会话

一个 Session 是用户和 UFO 之间的一次对话实例。它是一个持续的交互过程，从用户发起请求开始，到请求完成结束。UFO 支持在同一个会话中进行多个请求。每个请求由一次 Round 交互按顺序处理，直到用户的请求得到满足。我们在下图中展示 Session 和 Round 之间的关系

会话生命周期

一个 Session 的生命周期如下

1. 会话初始化

当用户开始与 UFO 对话时，Session 被初始化。Session 对象被创建，并启动第一次 Round 交互。在此阶段，用户的请求由 HostAgent 处理，以确定执行请求的适当应用程序。Context 对象被创建，用于存储会话中所有 Rounds 共享的对话状态。

2. 会话处理

Session 初始化后，交互的 Round 开始，它通过协调 HostAgent 和 AppAgent 来完成单个用户请求。

3. 下一轮

第一次 Round 完成后，Session 从用户请求下一个请求，以开始下一 Round 交互。这个过程一直持续到用户没有更多的请求。Session 的核心逻辑如下所示

def run(self) -> None:
    """
    Run the session.
    """

    while not self.is_finished():

        round = self.create_new_round()
        if round is None:
            break
        round.run()

    if self.application_window is not None:
        self.capture_last_snapshot()

    if self._should_evaluate and not self.is_error():
        self.evaluation()

    self.print_cost()

4. 会话终止

如果用户没有更多的请求或决定结束对话，Session 将被终止，对话结束。如果配置了 EvaluationAgent，它将评估 Session 的完整性。

参考

基类：ABC

UFO 中的基本会话。
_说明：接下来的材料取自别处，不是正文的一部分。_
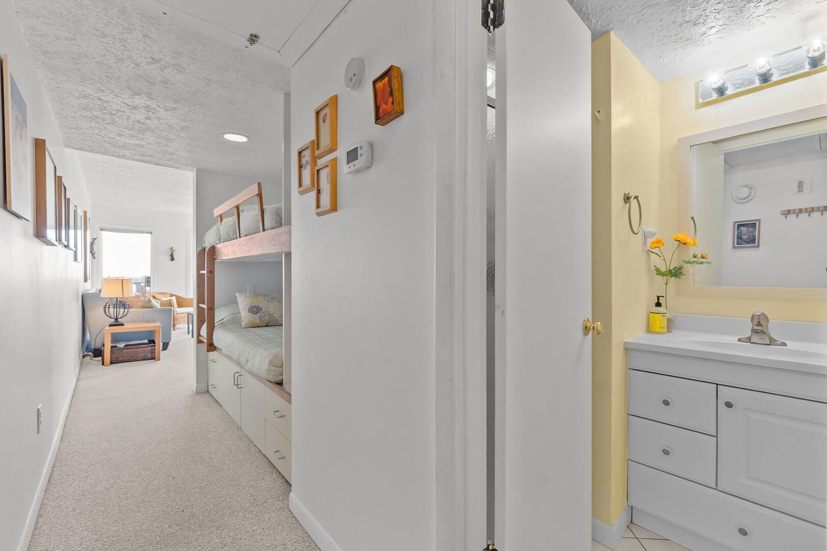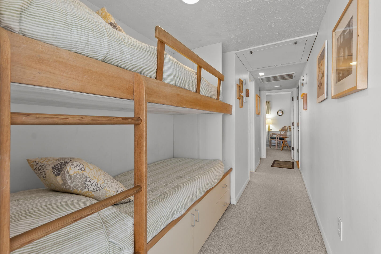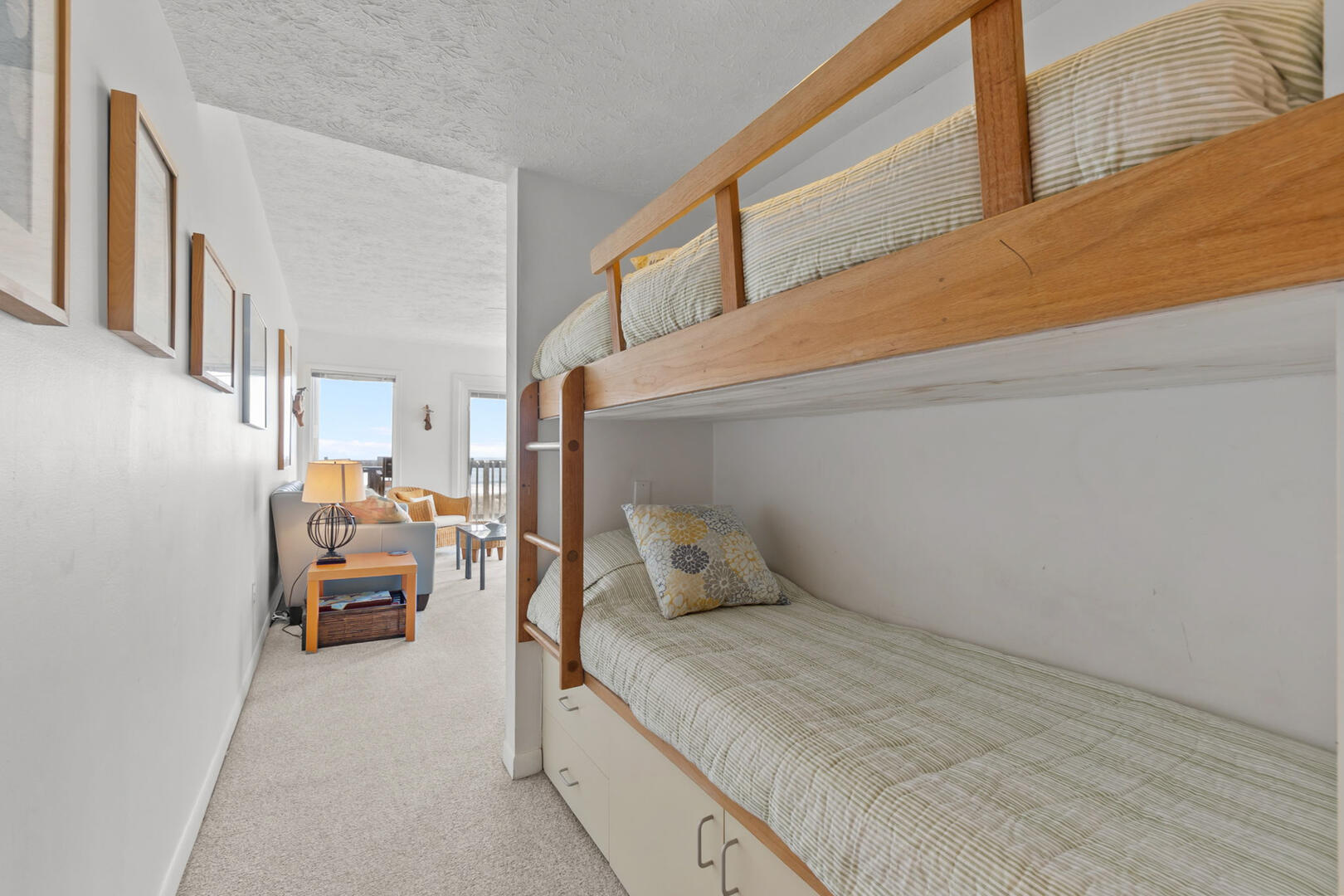 Sleeping accommodations include a Queen En Suite and a Twin over Twin alcove Bunk Set in the hallway, making this condo ideal for couples, small families, or groups. A second full bathroom is also located in the hall.

一个会话由多轮交互和对话组成。

初始化会话。

参数	`task` (`str`) – 当前任务的名称。 `should_evaluate` (`bool`) – 是否评估会话。 `id` (`int`) – 会话的 ID。

源代码在 module/basic.py 中

def __init__(self, task: str, should_evaluate: bool, id: int) -> None:
    """
    Initialize a session.
    :param task: The name of current task.
    :param should_evaluate: Whether to evaluate the session.
    :param id: The id of the session.
    """

    self._should_evaluate = should_evaluate
    self._id = id

    # Logging-related properties
    self.log_path = f"logs/{task}/"
    utils.create_folder(self.log_path)

    self._rounds: Dict[int, BaseRound] = {}

    self._context = Context()
    self._init_context()
    self._finish = False
    self._results = {}

    self._host_agent: HostAgent = AgentFactory.create_agent(
        "host",
        "HostAgent",
        configs["HOST_AGENT"]["VISUAL_MODE"],
        configs["HOSTAGENT_PROMPT"],
        configs["HOSTAGENT_EXAMPLE_PROMPT"],
        configs["API_PROMPT"],
    )

`application_window` `property` `writable`

获取会话的应用程序。返回：会话的应用程序。

`context` `property`

获取会话的上下文。返回：会话的上下文。

`cost` `property` `writable`

获取会话的成本。返回：会话的成本。

`current_round` `property`

获取会话的当前轮次。返回：会话的当前轮次。

`evaluation_logger` `property`

获取用于评估的日志记录器。返回：用于评估的日志记录器。

`id` `property`

获取会话的ID。返回：会话的ID。

`results` `property` `writable`

获取会话的评估结果。返回：会话的评估结果。

`rounds` `property`

获取会话的轮次。返回：会话的轮次。

`session_type` `property`

获取会话的类名。返回：会话的类名。

`step` `property`

获取会话的步骤。返回：会话的步骤。

`total_rounds` `property`

获取会话中的总轮次。返回：会话中的总轮次。

`add_round(id, round)`

向会话添加一轮。

参数	`id` (`int`) – 轮次的ID。 `round` (`BaseRound`) – 要添加的轮次。

源代码在 module/basic.py 中

def add_round(self, id: int, round: BaseRound) -> None:
    """
    Add a round to the session.
    :param id: The id of the round.
    :param round: The round to be added.
    """
    self._rounds[id] = round

`capture_last_snapshot()`

捕获应用程序的最后快照，包括屏幕截图和XML文件（如果已配置）。

源代码在 module/basic.py 中

def capture_last_snapshot(self) -> None:
    """
    Capture the last snapshot of the application, including the screenshot and the XML file if configured.
    """

    # Capture the final screenshot
    screenshot_save_path = self.log_path + f"action_step_final.png"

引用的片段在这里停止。